## [Required action]
Below are entries; repeat exactly, and nothing else, the lines from the one holding "- 방향 단어의 LSB부터" through the one holding "出発したのは11時30分頃で", inclusive. Leave the pictures out.

########

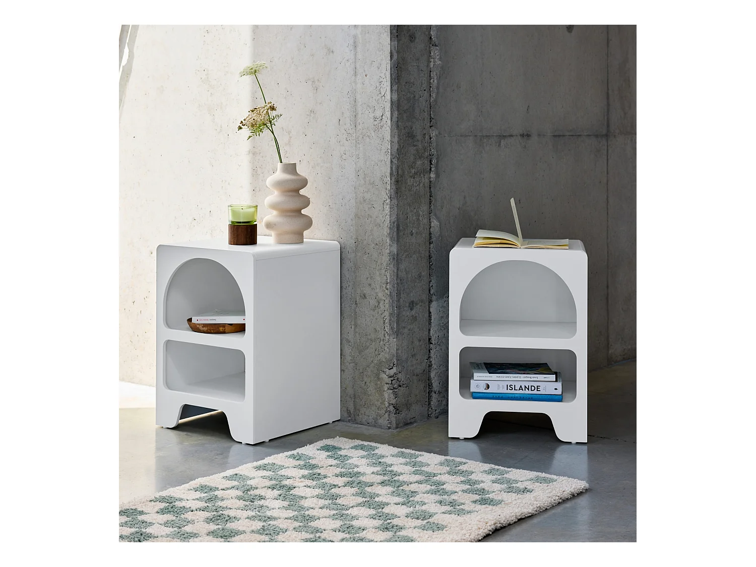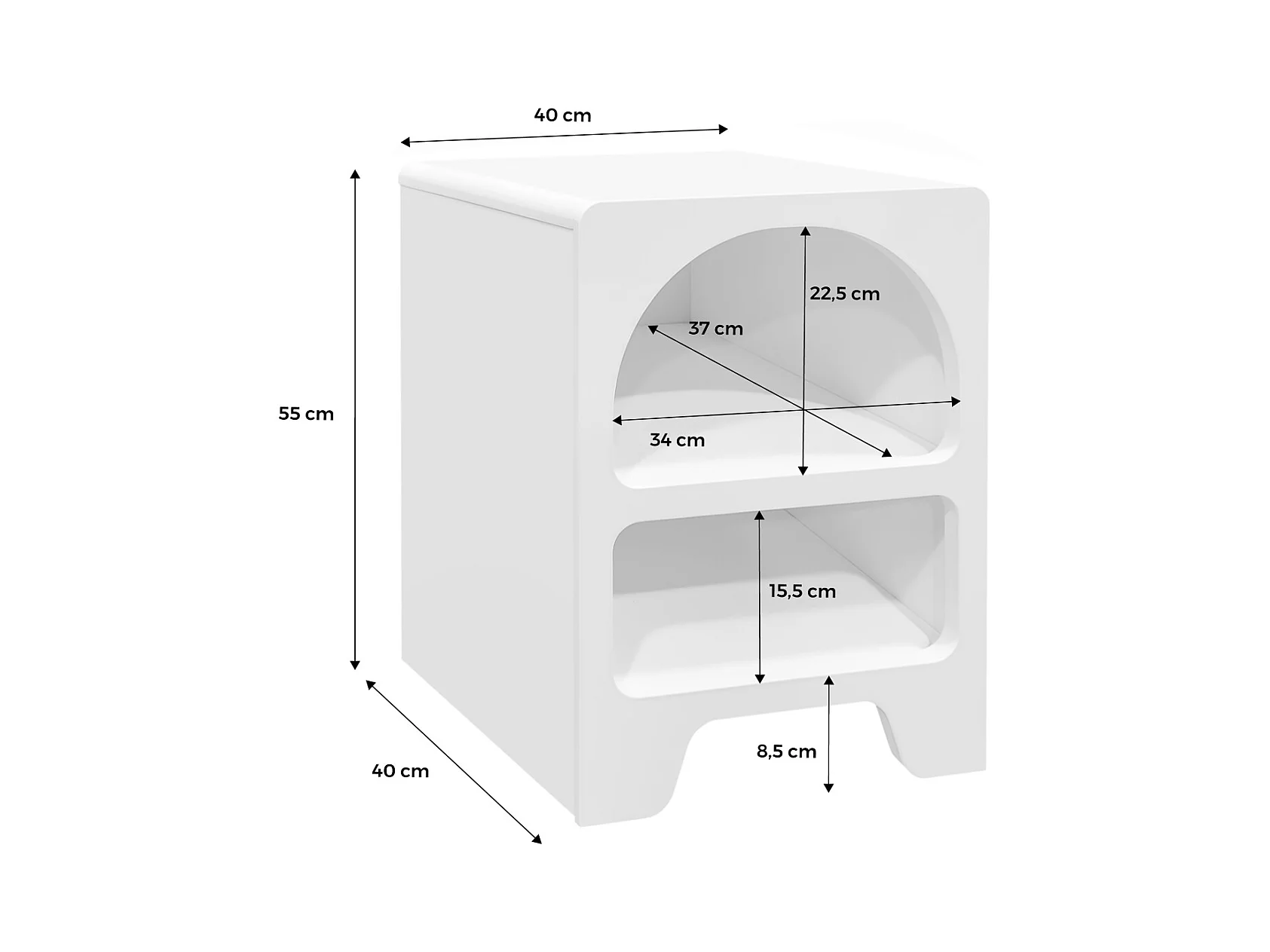 Comodino organico effetto legno bianco, 2 nicchie mobileoggetti,
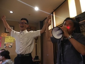 そしてなぜか手を掲げられるリスナーさん・・・
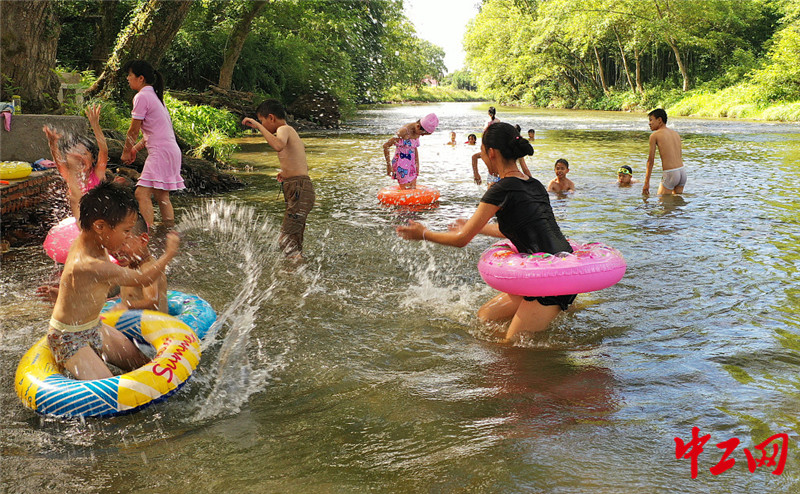 2020年8月2日,在江西省吉安市泰和县沙村镇珠陵江水上乐园,游客正在戏水消暑。连日来,泰和县持续高温天气,乡村涉水旅游项目受到游客青睐,高温催热乡村生态旅游。邓和平/视觉中国
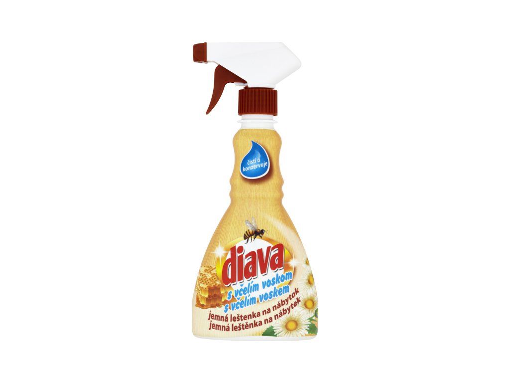 Diava sprej s obsahem včelího vosku je čistící a leštící přípravek na všechny druhy nábytku. Na nábytku vytváří ochranný film a vyživuje dřevo. Vhodný na parkety, laminátovou a PVC podlahu a podlahu ze dřeva a mramoru
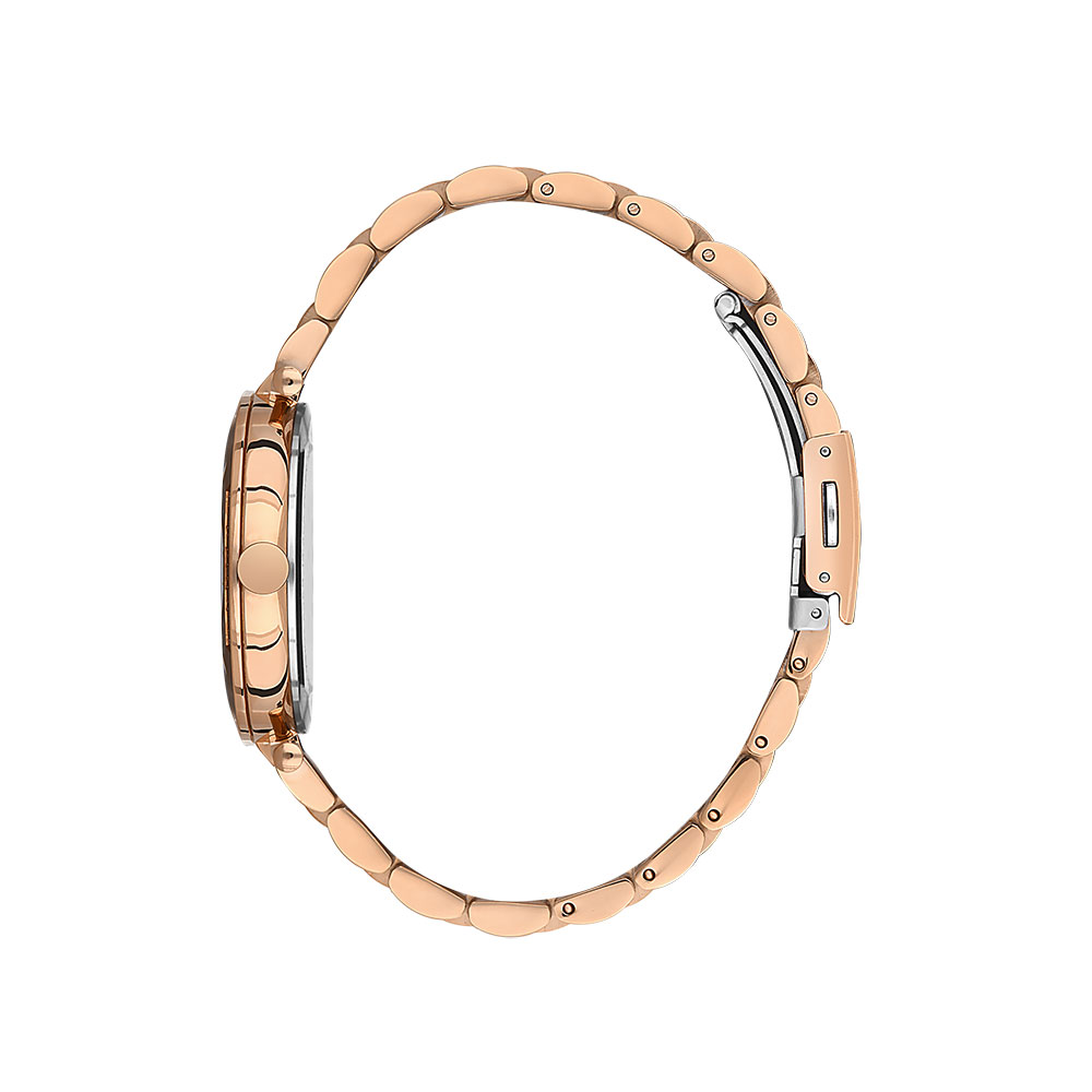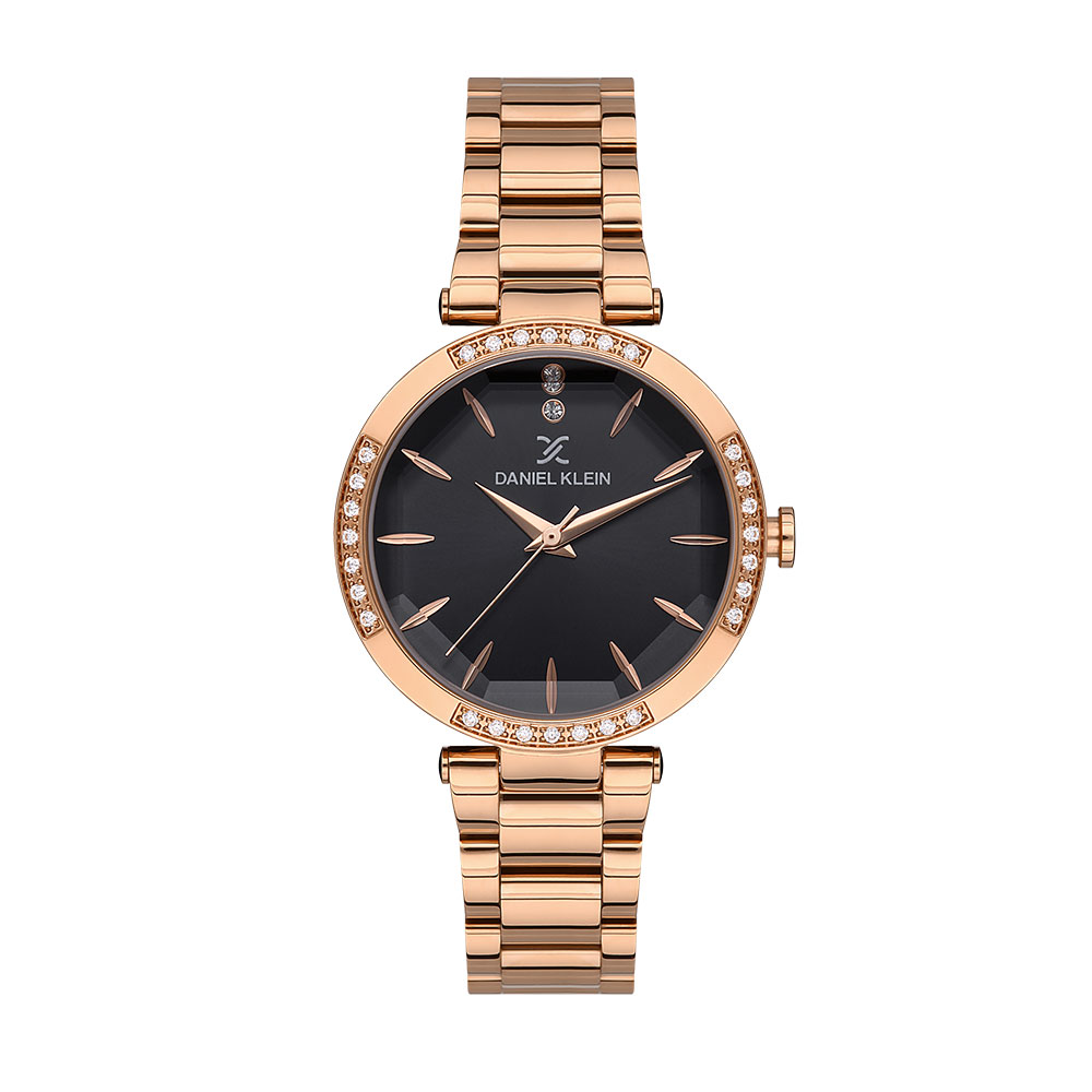 Ceasul Daniel Klein DK.1.13435.5 pentru femei auriu rose are un design elegant, cu un cadran negru ce evidentiaza elementele de design stralucitoare ale acestuia. Cadranul este decorat cu cristale fine dreptul orei 12 cat si pe carcarasa, oferind un plus de stralucire si femininitate. Invelisul din auriu rose cu finisaj de calitate adauga o nota de lux si sofisticare. Acest ceas combina eleganta si functionalitatea, fiind potrivit pentru orice ocazie.
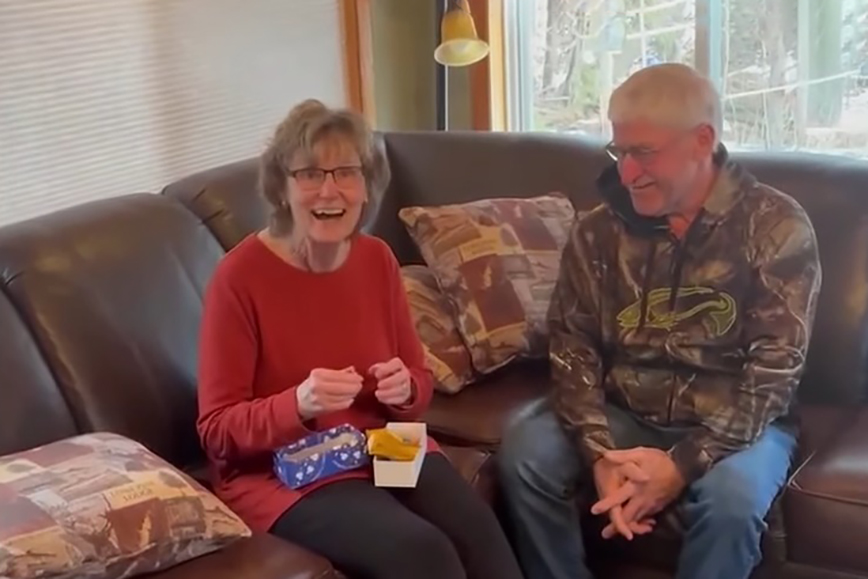 Момент вручения подарка. Кадр из YouTube-видео WBAY TV‑2 | Green Bay, WI
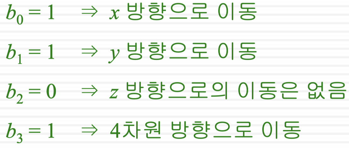 - 방향 단어의 LSB부터 검사하여, 비트 값이 1이면 x방향으로 이동하고 0이면 이동하지 않는다.
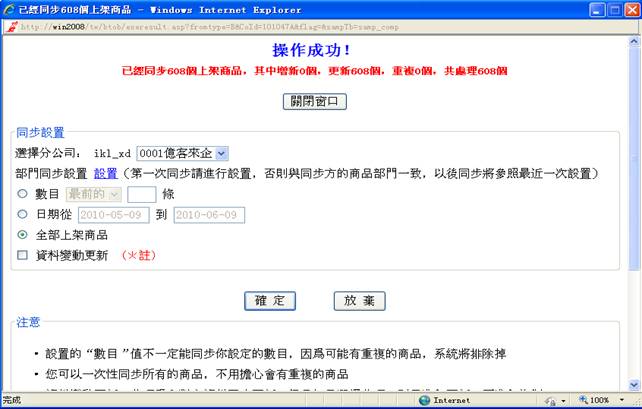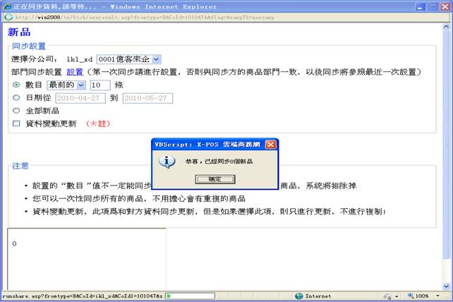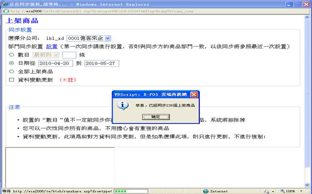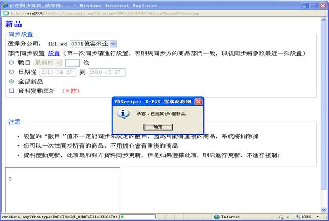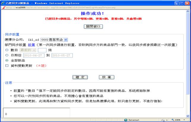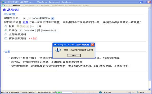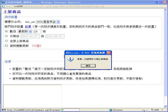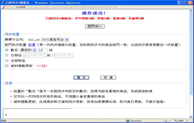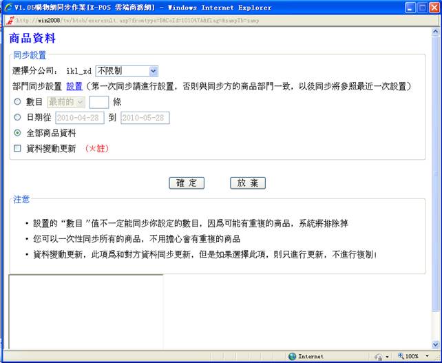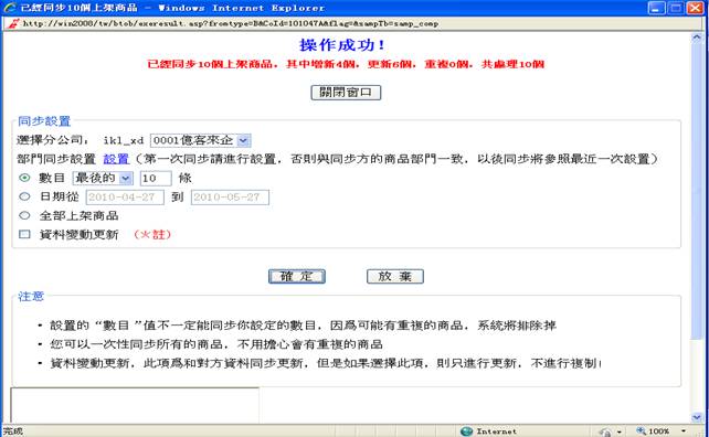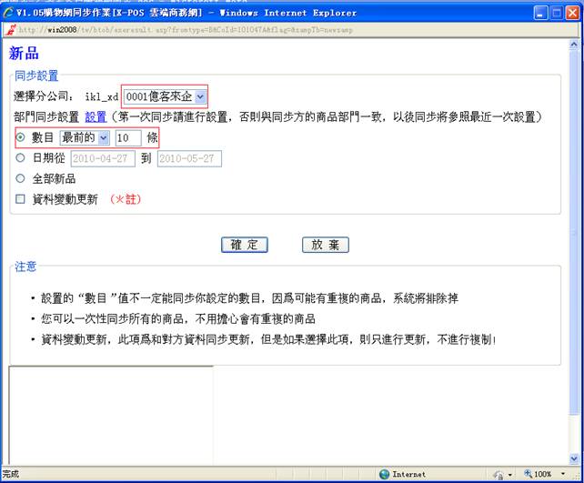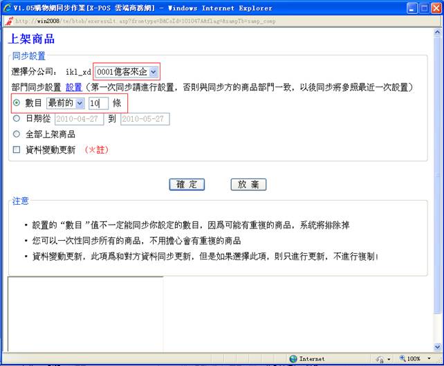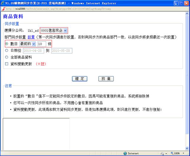 上圖,選擇分公司:您可以選擇ikl_xd旗下的一所分公司;部門同步設置:數目,您可以選擇同步最前的或最後的商品,再輸入同步指定商品的條數;日期,您可以選擇同步某段日期期間內的商品;全部商品資料,同步所有商品資料。(更多信息看頁面的注意事項)
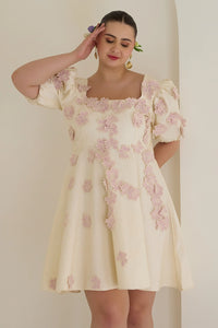 Featuring a fit-and-flare silhouette, the Lilac Floral Appliqué Dress has a rectangle neck and puffed half sleeves. This short dress is adorned with delicate organza flower patches all over, creating a charming and elegant look perfect for any occasion.
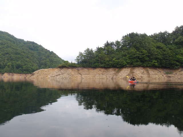 出発したのは11時30分頃でした。いざ湖上に出ると風も無く、穏やかな湖面は鏡のようで実にカヤック日和です。かなり減水しているので湖岸は地面がむき出しになっていて、緑の中を颯爽と…というわけにはいきませんが、水は澄んで綺麗ですので、気分は上々です。
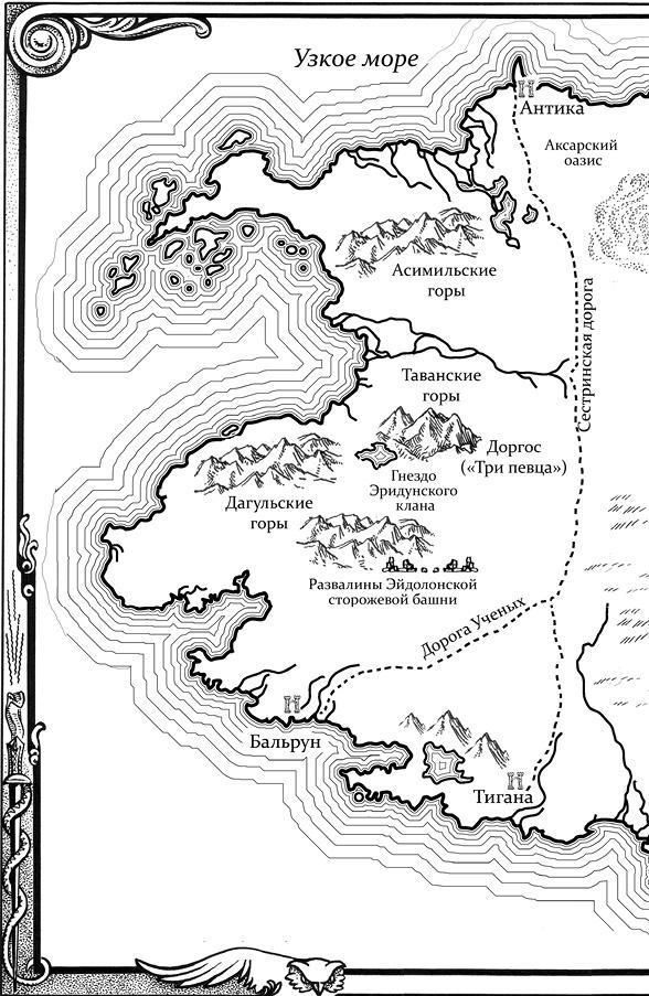 Мозаичные картины, вкрапленные между зеленым мрамором пола, создавали ремесленники Тиганы — весьма ценимого хаганом города на южной оконечности континента. Каждая представляла сцену из богатой событиями, жестокой и славной истории хаганата. Начало ее тонуло во тьме веков, когда далекие предки хагана веками кочевали по травянистым степям восточной части континента. Мозаики запечатлели появление первого хагана — военачальника, который объединил разрозненные племена, сделав их народом-завоевателем. С тех пор начался последовательный захват континента. Шаг за шагом, сочетая военную силу с проницательностью и умением мыслить стратегически, государство бывших кочевников превращалось в обширную империю. История последних трех веков представала в деяниях хаганов. Они продолжали дело предков, расширяя границы империи. Хаганы распределяли богатства, стекающиеся отовсюду, строили бесчисленные мосты и дороги — кровеносные артерии громадного континента, которым они управляли с ясным пониманием цели и точностью действий.
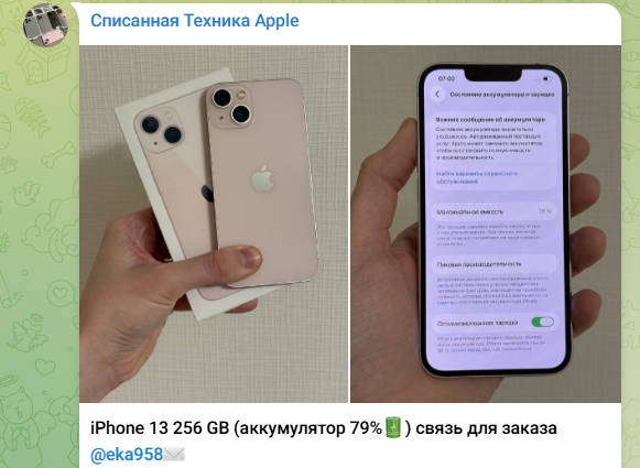 В телеграмм-канале магазина Eka958 не говорится заранее о стоимости той или иной модели продаваемых телефонов. Почти всегда единственная информация о iPhone, которую предоставляет автора – состояние аккумулятора и количество памяти в устройстве. О других характеристиках и причинах списания продаваемых моделей ничего не сообщается.
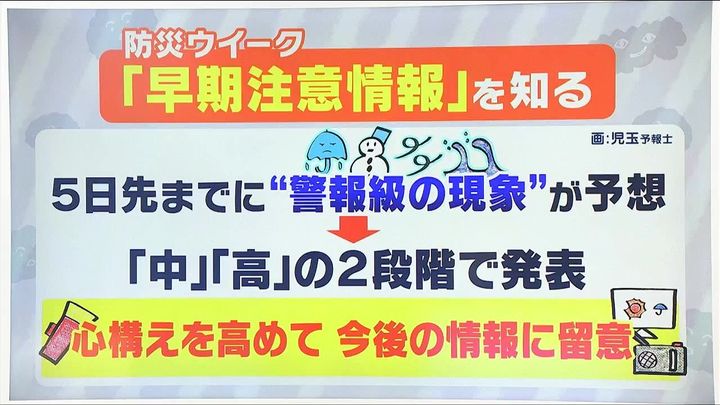 ということで、早期注意情報を紹介します。警報が出ると生活への影響も大きいため、5日先までに雨や雪、風、波による警報級の現象が予想された場合、警報級の可能性を「中」「高」の2段階で発表します。
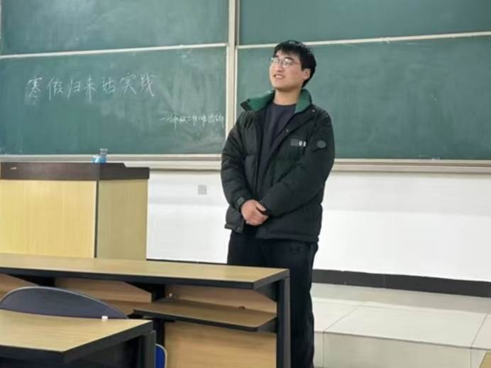首先,团支书王玺焰回顾了上学期班级的整体情况,并对新学期的班级工作和学习目标提出了明确规划,鼓励同学们在新的学期勇于挑战自我。随后,柴梦哲和赵志鹏同学作为寒假实践代表,分别分享了自己的独特经历。柴梦哲参加了“母校行”活动,他带着对高中母校的深厚情谊和大学生活的感悟重返校园。在分享中,他详细讲述了向学弟学妹们介绍大学生活的丰富多彩、分享学习经验和高考备考技巧的过程。他提到,这次活动不仅帮助母校的同学们更好地了解了大学生活,也锻炼了自己的沟通和表达能力。赵志鹏则参与了“三下乡”实践之场馆里的思政课活动。他参观了家乡党史教育馆,通过珍贵文物和历史资料,深入了解了中国共产党的发展历史,感受到先辈们的奋斗精神。他说,这次实践让自己更加坚定理想信念,明确青年的责任与担当。

########

## [Result for this task]
 - 방향 단어의 LSB부터 검사하여, 비트 값이 1이면 x방향으로 이동하고 0이면 이동하지 않는다.
 上圖,選擇分公司:您可以選擇ikl_xd旗下的一所分公司;部門同步設置:數目,您可以選擇同步最前的或最後的商品,再輸入同步指定商品的條數;日期,您可以選擇同步某段日期期間內的商品;全部商品資料,同步所有商品資料。(更多信息看頁面的注意事項)
 Featuring a fit-and-flare silhouette, the Lilac Floral Appliqué Dress has a rectangle neck and puffed half sleeves. This short dress is adorned with delicate organza flower patches all over, creating a charming and elegant look perfect for any occasion.
 出発したのは11時30分頃でした。いざ湖上に出ると風も無く、穏やかな湖面は鏡のようで実にカヤック日和です。かなり減水しているので湖岸は地面がむき出しになっていて、緑の中を颯爽と…というわけにはいきませんが、水は澄んで綺麗ですので、気分は上々です。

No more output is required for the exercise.